Can academics use the "copyright termination" system to recover academic works?

Heard an interesting story on copyright termination on NPR last night: Taking Back ‘Funkytown’: Songwriters Prepare For A Custody Battle  By Joel Rose.  This in turn led me to a New York Times article on the same general topic: A Copyright Victory, 35 Years Later –

The gist of these stories is that it turns out UC Copyright law has a “termination” provision which allows artists / writers / etc to terminate copyright agreements that they made for work they produced.  This is allowed 35 years after the copyright was assigned.  And many musicians are using this provision of copyright law to reacquire some works they made three and a half decades ago.

So – I am asking the world out there – could this same provision be applied to scientific or academic works?  Would this be a way to move a lot of material that is behind a wall back into the hands of authors and/or into the public domain?  I am looking into doing this with work published by my father as a test case (as part of my long struggle of  Freeing My Father’s Publications (since termination rights apparently transfer to family members if the holder passes away as my dad did in 1987).

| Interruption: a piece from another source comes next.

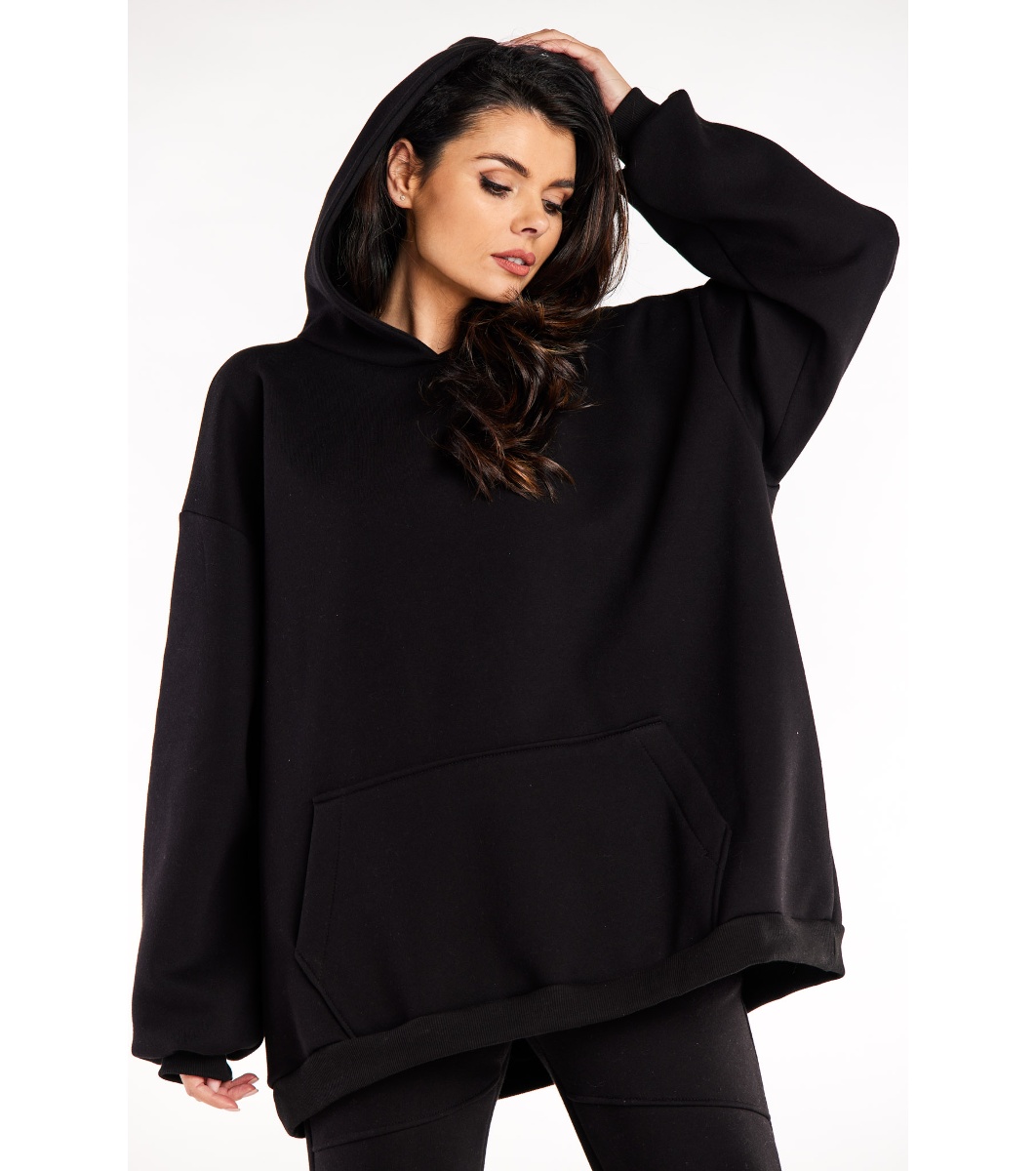 Infinite you Hanorac negru supradimensionat din bumbac pentru femei Mâneci lungi

So – anyone out there know if this termination has been used for scientific or academic works?

UPDATE: Other reading

Author: Jonathan Eisen

I am an evolutionary biologist and a Professor at U. C. Davis. (see my lab site here). My research focuses on the origin of novelty (how new processes and functions originate). To study this I focus on sequencing and analyzing genomes of organisms, especially microbes and using phylogenomic analysis

5 thoughts on “Can academics use the "copyright termination" system to recover academic works?”

  1. I don't know if this has been done, but I certainly like the idea. The guy who did the NPR story, Joel Rose, is a high school buddy of mine if you wanted to get in touch…

    Also, I wonder if this something that we could do even sooner to free up pubs recklessly published in non-OA journals before one flipped…


  2. Yes, it can be used to recapture rights, provided Notices of Termination are sent to the right party at the right time. The process is very formalistic – at least with regard to post 1977 works. There's a major exception, and that is true works for hire are immune from recapture.